In the very first post on this site, I compared the performance of long-standing running totals methods with the new windowing functions added in SQL Server 2012. In almost all cases, the new approach worked better – but there’s always a catch, right?

2013

Break large delete operations into chunks

I wrote this 2013 post as a response to seeing many people try to delete millions of rows from very large tables, and face blocking that crippled their applications. Nearly 10 years later I still reference it frequently in comments or answers on Stack Overflow.

2014

Readable Secondaries on a Budget

When Availability Groups were first introduced, they were only available in Enterprise Edition. Customers who didn’t have unlimited cap-ex funds were clamoring for a way to scale out reads. In this 2014 post, I detailed a way to do this with good old log shipping.

2015

Partitioning on a Budget

In a similar vein to my favorite post from 2014, I described a method to simulate partitioning – another feature that was Enterprise-only at the time – using filtered indexes.

2016

A Big Deal : SQL Server 2016 Service Pack 1

Toward the end of the year, I was able to spread the news that a SQL Server 2016 service pack would make most Enterprise-only features available in all editions. I detailed all the changes and explained why this was such a huge win for non-Enterprise customers.

2017

One way to get an index seek for a leading %wildcard

Leading wildcard searches are notoriously inefficient because they require inspecting every single value. One way to get a seek is to have an indexed computed column using REVERSE. In this post from 2017, I explored the use of a trigram as a similar strategy.

2018

What to do (or not do) about top wait stats

Usually, wait stats associated with an individual query don’t help you solve the problem, because the wait is actually caused by some other process. This post from 2018 took a look at the top 10 wait types observed by the sum of SQL Sentry customers at the time and, for each one, asked the question, “Can you solve this problem with just the wait type and the query that experienced it?”

2019

Filtered Indexes and Forced Parameterization (redux)

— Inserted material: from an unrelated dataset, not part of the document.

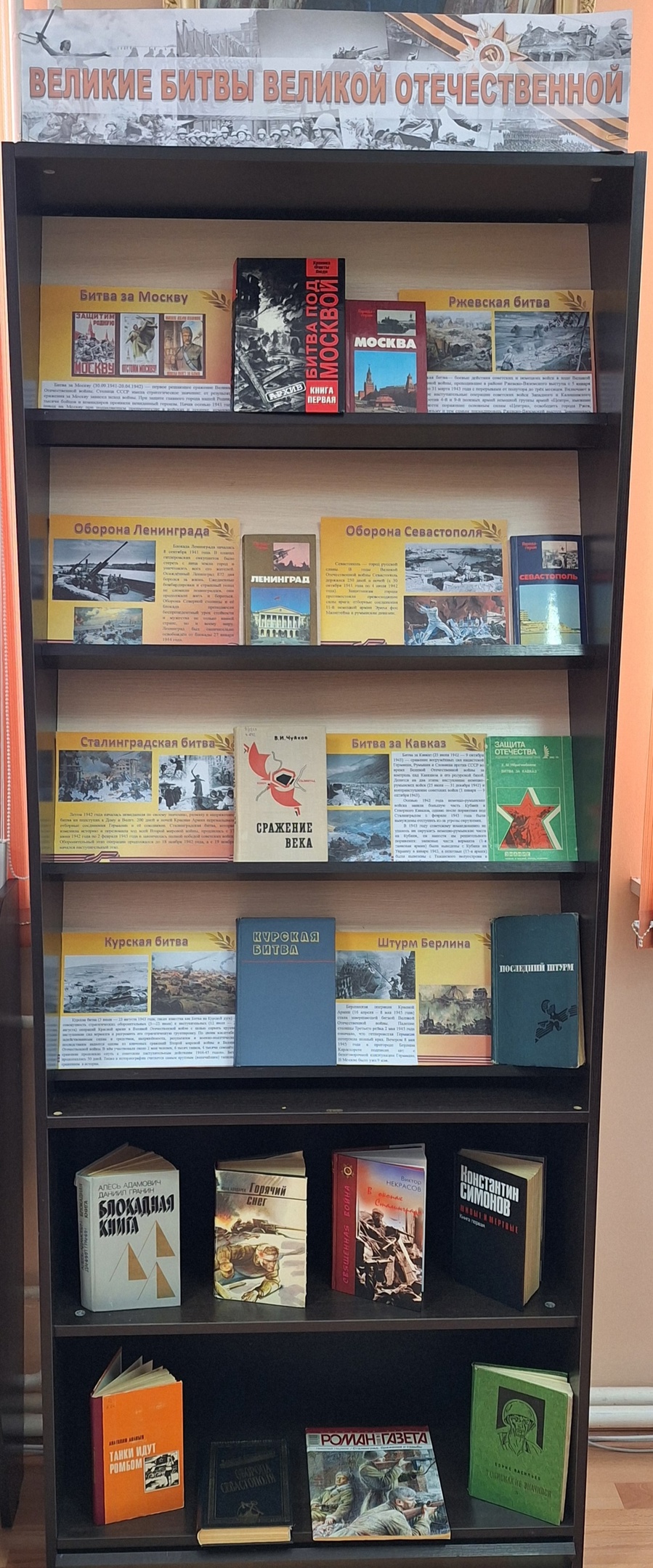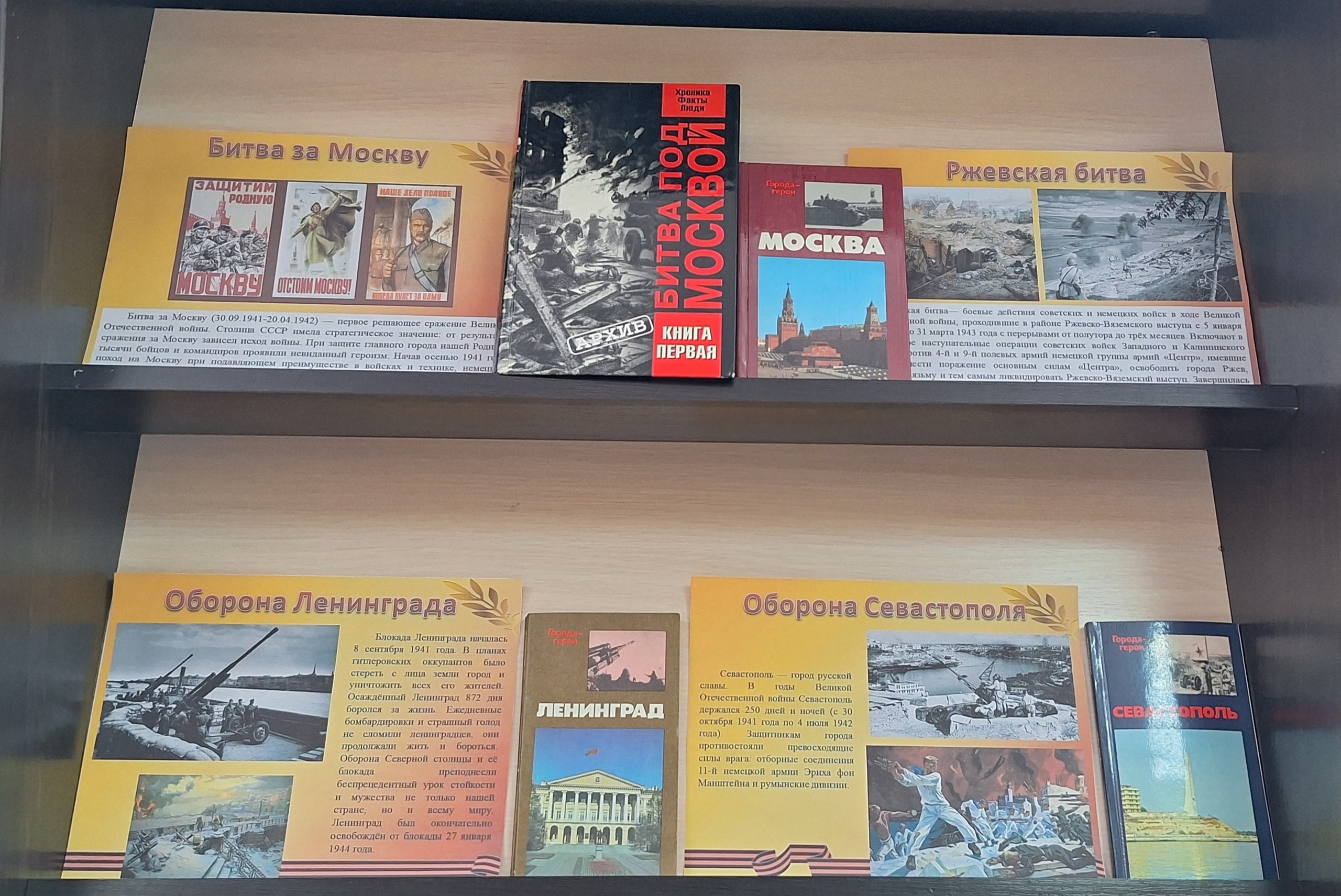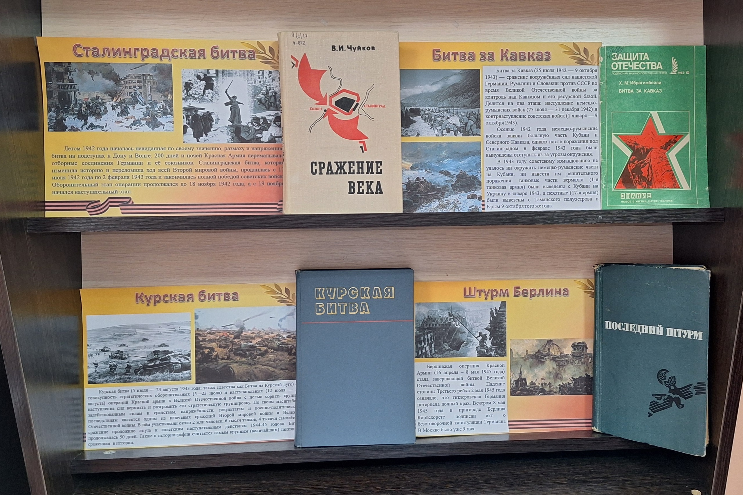 В год 80-летия Великой Победы отдел абонемента (109 к., 2 корпус) вспоминает великие битвы Великой Отечественной войны с помощью организованной выставки, на которой экспонируется публицистика о битвах за Москву, Сталинград и Кавказ, об обороне Ленинграда и Севастополя, о Курской битве и штурме Берлина. Также представлена художественная литература, посвященная сражениям Великой Отечественной войны.

In this 2019 post, I explained a trivial workaround to a frustrating limitation with filtered indexes. This was not my first post complaining about filtered indexes (other posts are linked in the opening paragraph).

2020

Please stop using this UPSERT anti-pattern

In 2020, I talked about an all-too-common pattern: checking if a row exists, if so, update, otherwise, insert. This pattern is a shortcut to deadlocks and, in this post, I explain a slightly better approach (using graphics I’m quite proud of).

2021

Refreshing Tables With Less Interruption Using Partition Switching

Last year, I wrote about a way to use partition switching to refresh lookup data with minimal or zero user disruption. I explained the new ABORT_AFTER_WAIT option and demonstrated the tradeoffs involved.

2022 (BONUS!)

Serializing Deletes From Clustered Columnstore Indexes

Well, 2022 isn’t over yet but, so far, my favorite post has been this one about reducing the impact of deleting data from a table with a clustered columnstore index.